- _Provided data_:

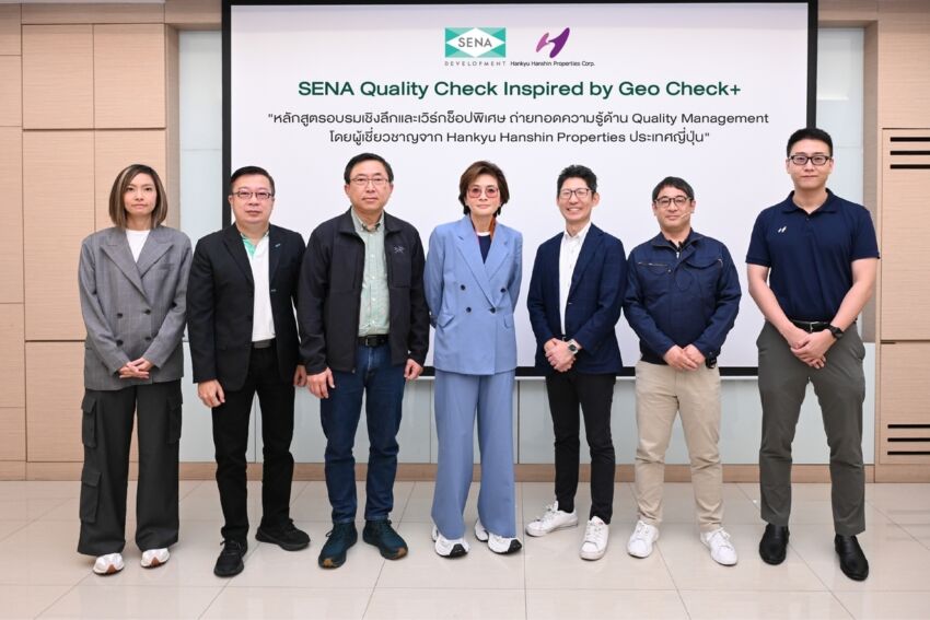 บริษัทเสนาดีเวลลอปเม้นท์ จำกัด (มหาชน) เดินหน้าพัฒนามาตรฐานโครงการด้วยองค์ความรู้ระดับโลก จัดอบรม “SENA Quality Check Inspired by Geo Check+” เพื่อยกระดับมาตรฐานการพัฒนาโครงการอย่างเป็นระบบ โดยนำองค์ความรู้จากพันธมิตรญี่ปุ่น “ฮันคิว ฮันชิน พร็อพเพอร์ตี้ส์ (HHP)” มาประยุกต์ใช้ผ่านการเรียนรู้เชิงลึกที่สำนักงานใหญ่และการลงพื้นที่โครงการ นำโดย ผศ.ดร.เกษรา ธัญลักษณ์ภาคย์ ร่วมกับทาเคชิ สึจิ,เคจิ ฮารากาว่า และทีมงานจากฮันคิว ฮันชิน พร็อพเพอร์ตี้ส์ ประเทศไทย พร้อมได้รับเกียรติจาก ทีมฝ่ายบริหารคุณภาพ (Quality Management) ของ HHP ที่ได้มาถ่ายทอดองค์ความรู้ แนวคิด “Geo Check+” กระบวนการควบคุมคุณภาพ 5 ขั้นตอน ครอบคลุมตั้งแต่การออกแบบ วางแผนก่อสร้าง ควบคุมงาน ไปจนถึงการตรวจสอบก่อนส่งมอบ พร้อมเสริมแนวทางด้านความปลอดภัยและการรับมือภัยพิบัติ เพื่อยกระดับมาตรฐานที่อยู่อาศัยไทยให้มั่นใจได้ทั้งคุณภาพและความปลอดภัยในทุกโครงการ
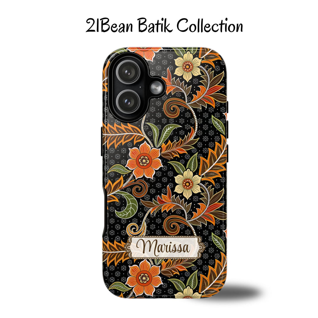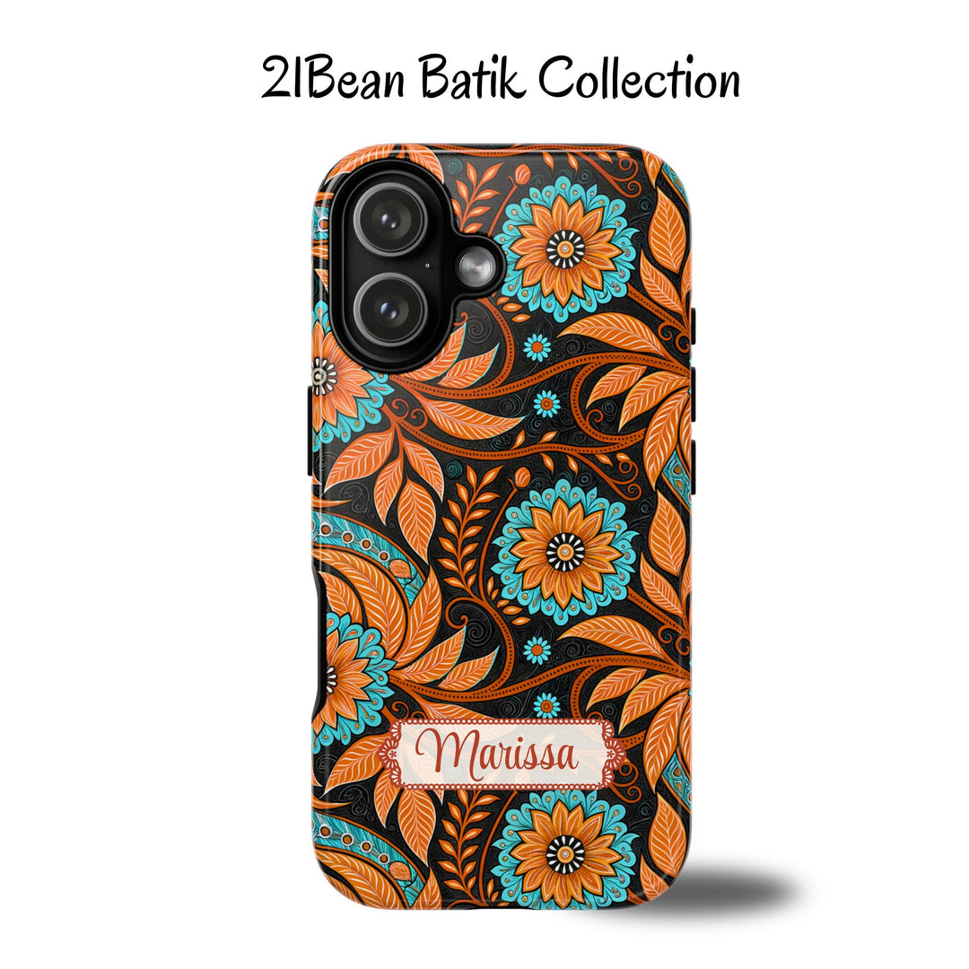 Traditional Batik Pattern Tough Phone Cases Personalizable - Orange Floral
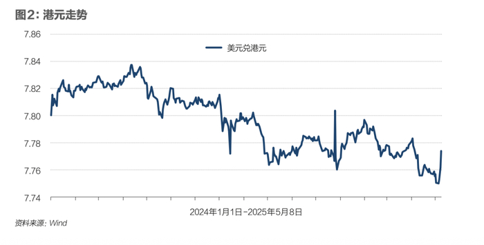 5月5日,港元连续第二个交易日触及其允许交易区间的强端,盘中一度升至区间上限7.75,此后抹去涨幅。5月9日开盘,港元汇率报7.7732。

- _Your task_: All of the material above is to be retyped exactly, with no pictures included.

- _Answer below_:
 บริษัทเสนาดีเวลลอปเม้นท์ จำกัด (มหาชน) เดินหน้าพัฒนามาตรฐานโครงการด้วยองค์ความรู้ระดับโลก จัดอบรม “SENA Quality Check Inspired by Geo Check+” เพื่อยกระดับมาตรฐานการพัฒนาโครงการอย่างเป็นระบบ โดยนำองค์ความรู้จากพันธมิตรญี่ปุ่น “ฮันคิว ฮันชิน พร็อพเพอร์ตี้ส์ (HHP)” มาประยุกต์ใช้ผ่านการเรียนรู้เชิงลึกที่สำนักงานใหญ่และการลงพื้นที่โครงการ นำโดย ผศ.ดร.เกษรา ธัญลักษณ์ภาคย์ ร่วมกับทาเคชิ สึจิ,เคจิ ฮารากาว่า และทีมงานจากฮันคิว ฮันชิน พร็อพเพอร์ตี้ส์ ประเทศไทย พร้อมได้รับเกียรติจาก ทีมฝ่ายบริหารคุณภาพ (Quality Management) ของ HHP ที่ได้มาถ่ายทอดองค์ความรู้ แนวคิด “Geo Check+” กระบวนการควบคุมคุณภาพ 5 ขั้นตอน ครอบคลุมตั้งแต่การออกแบบ วางแผนก่อสร้าง ควบคุมงาน ไปจนถึงการตรวจสอบก่อนส่งมอบ พร้อมเสริมแนวทางด้านความปลอดภัยและการรับมือภัยพิบัติ เพื่อยกระดับมาตรฐานที่อยู่อาศัยไทยให้มั่นใจได้ทั้งคุณภาพและความปลอดภัยในทุกโครงการ
 Traditional Batik Pattern Tough Phone Cases Personalizable - Orange Floral
 5月5日,港元连续第二个交易日触及其允许交易区间的强端,盘中一度升至区间上限7.75,此后抹去涨幅。5月9日开盘,港元汇率报7.7732。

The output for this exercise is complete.